Answer:
0.0582 M
Explanation:
The following data were obtained from the question:
Mass of AlCl3 = 1.3 g
Volume of water = 500 mL
Molarity of chloride ion (Cl¯) =?
Next, we shall determine the number of mole in 1.3 g of AlCl3. This can be obtained as follow:
Mass of AlCl3 = 1.3 g
Molar mass of AlCl3 = 27 + (35.5×3)
= 27 + 106.5
= 133.5 g/mol
Mole of AlCl3 =?
Mole = mass /molar mass
Mole of AlCl3 = 1.3/133.5
Mole of AlCl3 = 0.0097 mole
Next, we shall convert 500 mL to litres (L). This can be obtained as follow:
1000 mL = 1 L
Therefore,
500 mL = 500 mL × 1 L / 1000 mL
500 mL = 0.5 L
Thus, 500 mL is equivalent to 0.5 L.
Next, we shall determine the molarity of the AlCl3 solution. This can be obtained as follow:
Mole of AlCl3 = 0.0097 mole
Volume of water = 0.5 L
Molarity of AlCl3 =?
Molarity = mole /Volume
Molarity of AlCl3 = 0.0097 / 0.5
Molarity of AlCl3 = 0.0194 M
Next, we shall write the dissociation equation of AlCl3 in solution.
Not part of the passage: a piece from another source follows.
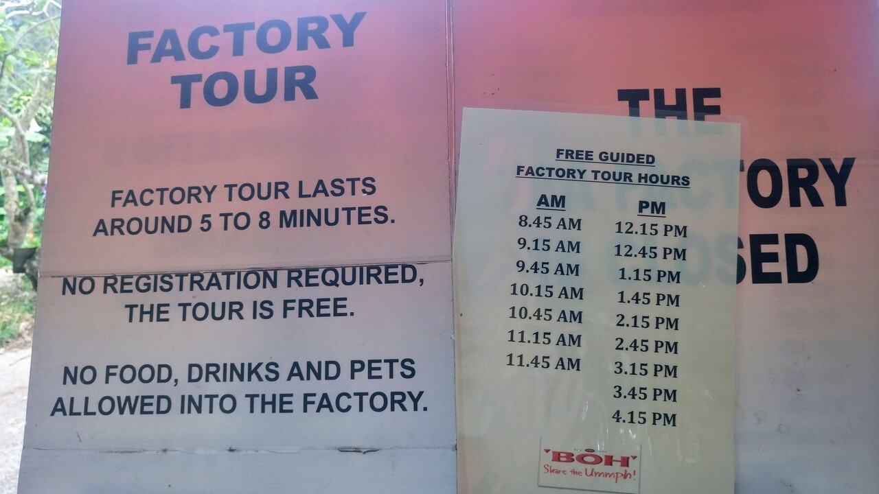 メインの建物 (カフェ 及び 販売店) に併設された BOH TEA の製造工場見学ツアー (Factory Tour)。時間が決まっており、それまで工場入口で待機。先着順、登録不要、英語 / マレー語での案内。所要時間: 約 10分

This is illustrated below:
AlCl3 (aq) —> Al³⁺ (aq) + 3Cl¯ (aq)
From the balanced equation above,
1 mole of AlCl3 produced 3 moles of Cl¯.
Finally, we shall determine the molarity of the chloride ion Cl¯ in the solution as follow:
From the balanced equation above,
1 mole of AlCl3 produced 3 moles of Cl¯.
Therefore, 0.0194 M AlCl3 will produce = 0.0194 × 3 = 0.0582 M Cl¯.
Thus, the molarity of the chloride ion, Cl¯ in the solution is 0.0582 M.